『釈迦』最後の練習中、甲田潤氏より、演奏前にトークをしたらいいと思うのだがと打診あり。自分は準備のため出られないが、と。相談中、二、三の人の名前を上げるが、トークの実施は最終決定ではない。私はいつ喋ってもいいといっておく。ただし、演奏会第四部のトークなので、『釈迦』だけではない、松村禎三先生の『暁の讃歌』についても喋る必要あり。最終決定はまだだが、準備だけはしておかないと間に合わないので、8月23日(木)からメモを作り始める。
伊福部昭「交響頌偈 釈迦」
●1989年4月8日、五反田のゆうぽうとで行われた「釈尊降誕会(はなまつり)コンサート」で、小松一彦指揮、東京交響楽団、東京オラトリオ研究会、大正大学音楽部混声合唱団等によって初演。
●チラシにも書いたが、敗戦直前、混乱してしまった日本人の価値観を問い直そうという強い思いがあった。1948(昭和23)年の『さまよえる群像』から、1953年(昭和28)年の『人間釈迦』へ。
●石井漠は、『人間釈迦』300回記念公演の後に行われた徳川夢声との対談で、こう語っている。
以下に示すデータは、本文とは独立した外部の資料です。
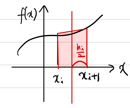 $h_{i}f(y_{i})=\frac{h_{i}}{2}\left [f(x_{i})+f(x_{i+1}) \right]-\frac{h_{i}^{3}}{8}f^{''}(y_{i})+\cdots$
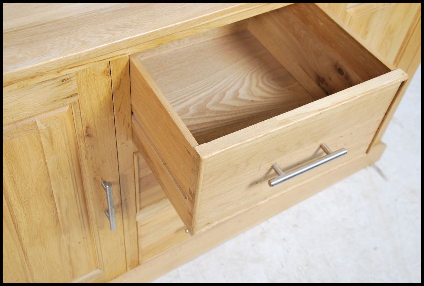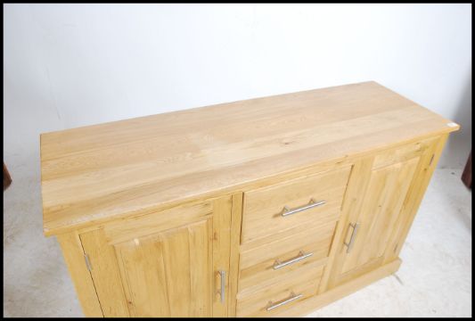 A contemporary light oak sideboard fitted with three drawers and two cabinets
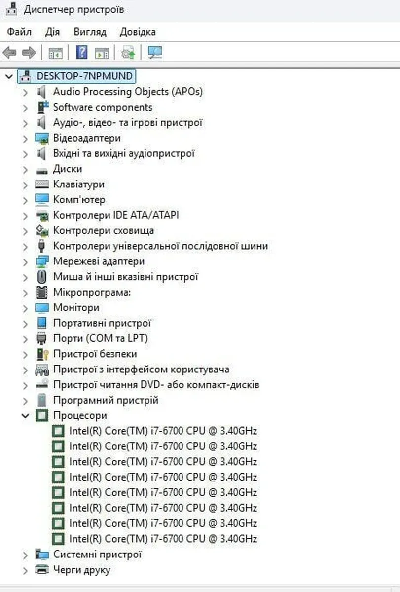 - Процесор: Intel Core i7-6700 (4 (8) ядра з тактовою частотою 3,4–4,0 ГГц), 8 МБ Smart Cache
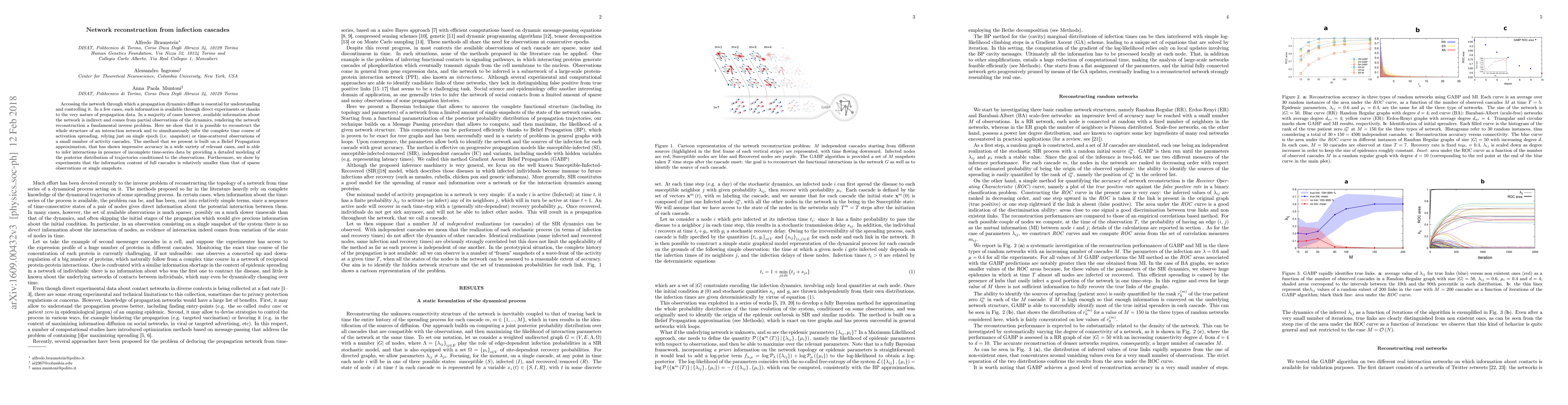 Accessing the network through which a propagation dynamics diffuse is essential for understanding and controlling it. In a few cases, such information is available through direct experiments or thanks to the very nature of propagation data. In a majority of cases however, available information about the network is indirect and comes from partial observations of the dynamics, rendering the network reconstruction a fundamental inverse problem. Here we show that it is possible to reconstruct the whole structure of an interaction network and to simultaneously infer the complete time course of activation spreading, relying just on single epoch (i.e. snapshot) or time-scattered observations of a small number of activity cascades. The method that we present is built on a Belief Propagation approximation, that has shown impressive accuracy in a wide variety of relevant cases, and is able to infer interactions in presence of incomplete time-series data by providing a detailed modeling of the posterior distribution of trajectories conditioned to the observations. Furthermore, we show by experiments that the information content of full cascades is relatively smaller than that of sparse observations or single snapshots.
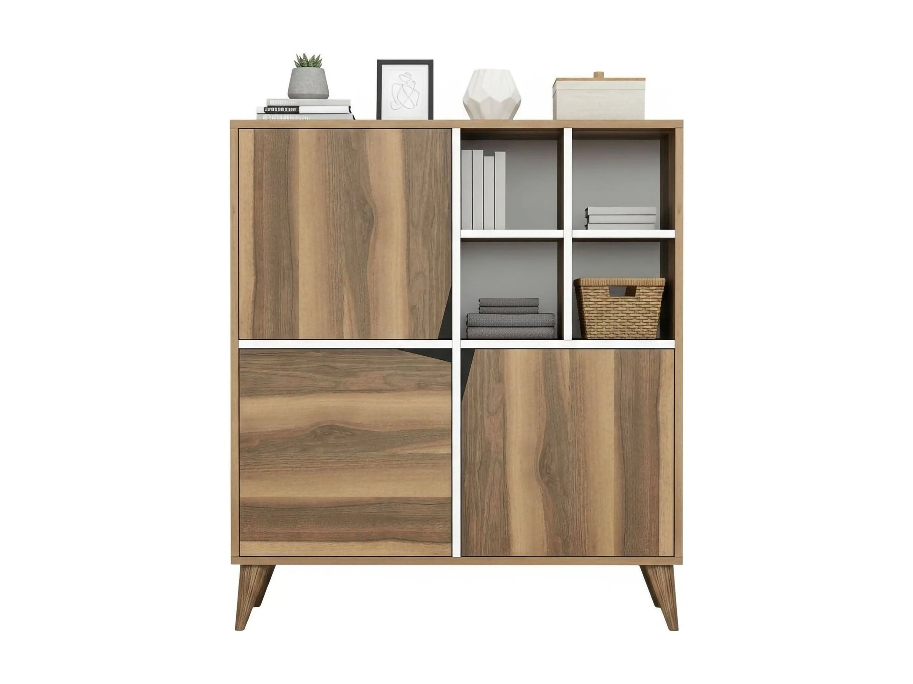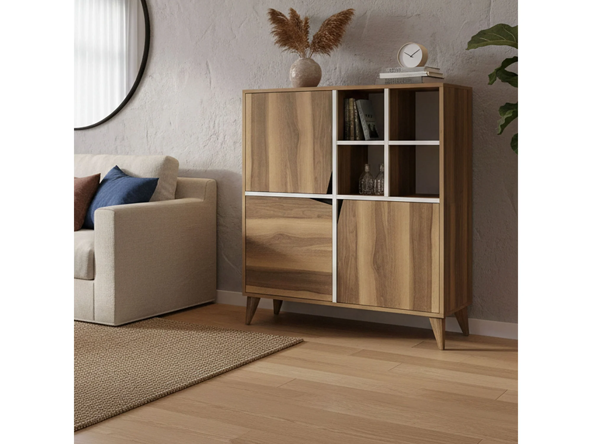 Buffet Wazn, Buffet du salon, Commode de salon, Garde-manger de cuisine, 100x30h115 cm, Noyer et Blanc

バレエ『人間釈迦』として創作されたきっかけ。石井漠に、文部省の芸術祭関係者から打診があった。「日本のバレーは、外国のバレーのまねをしてるわけだが、そうでなくて、東洋人の感覚でつくったバレーをやってくれないか」そこで考えたのが釈迦の物語だった。「ぼくの胸を打ったのはなにかというと、キリストは死んだとき天にのぼったが、お釈迦さまという人は、死んでからも、われわれと親しみの深い地のなかにうまってるというんだ」(引用個所〈週刊朝日〉1958年11月23日号)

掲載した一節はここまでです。